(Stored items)
——————
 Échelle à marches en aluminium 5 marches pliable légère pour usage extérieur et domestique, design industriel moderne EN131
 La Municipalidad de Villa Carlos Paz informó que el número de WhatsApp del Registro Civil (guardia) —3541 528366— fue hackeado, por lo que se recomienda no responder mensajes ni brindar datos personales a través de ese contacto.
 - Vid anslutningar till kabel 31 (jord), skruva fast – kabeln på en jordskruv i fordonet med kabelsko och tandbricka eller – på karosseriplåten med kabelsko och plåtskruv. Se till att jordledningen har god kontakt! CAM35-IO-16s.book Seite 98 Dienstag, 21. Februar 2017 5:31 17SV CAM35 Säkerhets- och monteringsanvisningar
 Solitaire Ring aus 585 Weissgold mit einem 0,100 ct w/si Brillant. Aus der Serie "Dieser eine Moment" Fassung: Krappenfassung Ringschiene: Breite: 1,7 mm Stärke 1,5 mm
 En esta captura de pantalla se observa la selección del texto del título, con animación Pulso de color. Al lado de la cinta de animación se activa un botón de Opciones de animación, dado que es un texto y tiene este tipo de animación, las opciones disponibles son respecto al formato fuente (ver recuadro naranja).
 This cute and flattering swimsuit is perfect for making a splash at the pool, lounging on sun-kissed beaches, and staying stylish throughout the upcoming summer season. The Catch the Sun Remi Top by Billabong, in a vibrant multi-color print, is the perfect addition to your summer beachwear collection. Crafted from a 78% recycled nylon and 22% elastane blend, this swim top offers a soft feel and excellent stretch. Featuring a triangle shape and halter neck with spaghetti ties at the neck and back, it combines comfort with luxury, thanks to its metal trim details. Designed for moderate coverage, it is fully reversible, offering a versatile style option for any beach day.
——————
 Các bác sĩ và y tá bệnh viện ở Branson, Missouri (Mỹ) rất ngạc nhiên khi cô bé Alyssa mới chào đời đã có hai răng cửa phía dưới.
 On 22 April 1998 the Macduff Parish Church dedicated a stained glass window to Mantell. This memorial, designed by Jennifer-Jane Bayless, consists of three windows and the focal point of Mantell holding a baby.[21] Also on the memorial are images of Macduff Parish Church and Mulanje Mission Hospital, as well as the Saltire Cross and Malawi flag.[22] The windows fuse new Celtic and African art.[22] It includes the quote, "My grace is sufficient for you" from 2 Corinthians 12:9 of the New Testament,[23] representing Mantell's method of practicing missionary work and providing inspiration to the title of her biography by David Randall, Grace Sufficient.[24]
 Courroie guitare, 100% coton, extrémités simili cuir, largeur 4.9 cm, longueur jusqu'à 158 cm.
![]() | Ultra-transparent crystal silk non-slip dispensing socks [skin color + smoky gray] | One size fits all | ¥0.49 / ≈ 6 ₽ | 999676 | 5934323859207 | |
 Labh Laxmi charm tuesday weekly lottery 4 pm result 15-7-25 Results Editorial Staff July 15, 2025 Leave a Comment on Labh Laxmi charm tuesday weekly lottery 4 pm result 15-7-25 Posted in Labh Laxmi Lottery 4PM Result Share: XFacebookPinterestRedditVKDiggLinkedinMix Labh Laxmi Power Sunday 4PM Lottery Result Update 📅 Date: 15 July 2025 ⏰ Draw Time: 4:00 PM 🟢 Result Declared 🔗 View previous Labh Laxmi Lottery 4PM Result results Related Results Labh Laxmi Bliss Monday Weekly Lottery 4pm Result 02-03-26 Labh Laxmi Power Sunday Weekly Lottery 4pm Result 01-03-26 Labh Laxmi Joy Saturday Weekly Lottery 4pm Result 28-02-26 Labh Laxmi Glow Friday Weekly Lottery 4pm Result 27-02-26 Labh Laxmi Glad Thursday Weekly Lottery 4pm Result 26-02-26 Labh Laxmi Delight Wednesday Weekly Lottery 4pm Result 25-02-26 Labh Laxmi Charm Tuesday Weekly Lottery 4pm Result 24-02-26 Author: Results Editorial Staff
——————
What is expected: Starting at the line that has "Échelle à marches" in the records above, restate word for word every line until the one that has "La Municipalidad de", and include that one as well.

Solution:
 Échelle à marches en aluminium 5 marches pliable légère pour usage extérieur et domestique, design industriel moderne EN131
 La Municipalidad de Villa Carlos Paz informó que el número de WhatsApp del Registro Civil (guardia) —3541 528366— fue hackeado, por lo que se recomienda no responder mensajes ni brindar datos personales a través de ese contacto.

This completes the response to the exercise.